Ляушин одинок, ни единого приятеля, немного всё же грустновато. «Прогуляюсь-ка я по парку, поглазею на народ», – решил он.
Но что это? В закоулке парка, куда он машинально забрёл, навстречу ему по аллее мчался небольшого роста бородатый голый мужичок на коротеньких толстых ножках при изрядном брюхе и с перекошенным от страха лицом. Вслед за ним метрах в пятнадцати бежал огромный, тоже бородатый, мужик, но одетый. В правой руке у него болтались штаны, должно быть с оголённого, и он, скорее всего, намеревался его догнать и приодеть.
Ляушин остановился. Мужичок бежал явно к нему и, подбежав, умоляюще проговорил, еле дыша: «Спасите!».
Ляушин мгновенно узнал подбежавшего – по лицу, естественно. Круглое лоснящееся лицо в обрамлении рыжей бородки принадлежало Константину Кисельчуку.

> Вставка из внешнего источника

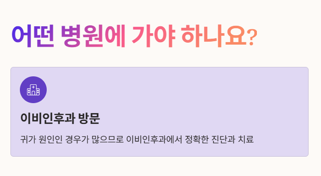 • 귀가 원인인 경우가 많으므로 '이비인후과'를 방문하여 정확한 진단과 치료를 받는 것이 가장 좋습니다.
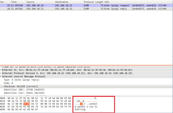 In a normal ICMP echo request, the packet length will be 42 bytes, where the data length is 0, and if we append any data into the ICMP data field then the size of the packet increases. In the above scenario, the total size is 72 bytes out of which 30 bytes is the data "sending packets via tunneling". So if we want to detect ICMP tunneling via any IDS/IPS devices we need to write a rule stating that if any data is present in the data header of the ICMP, then fire an alert.

Кисельчук же, в свою очередь, уже издалека узнал Ляушина, – не раз видел его в ФСБ, куда частенько наведывался к полковнику Гаргалину с доносами на коллег, – и обрадовался спасению: он знал, что тот, кто гнался за ним, будет жесток. О том же, что Ляушин в ФСБ уже никто, информация до Кисельчука ещё не дошла.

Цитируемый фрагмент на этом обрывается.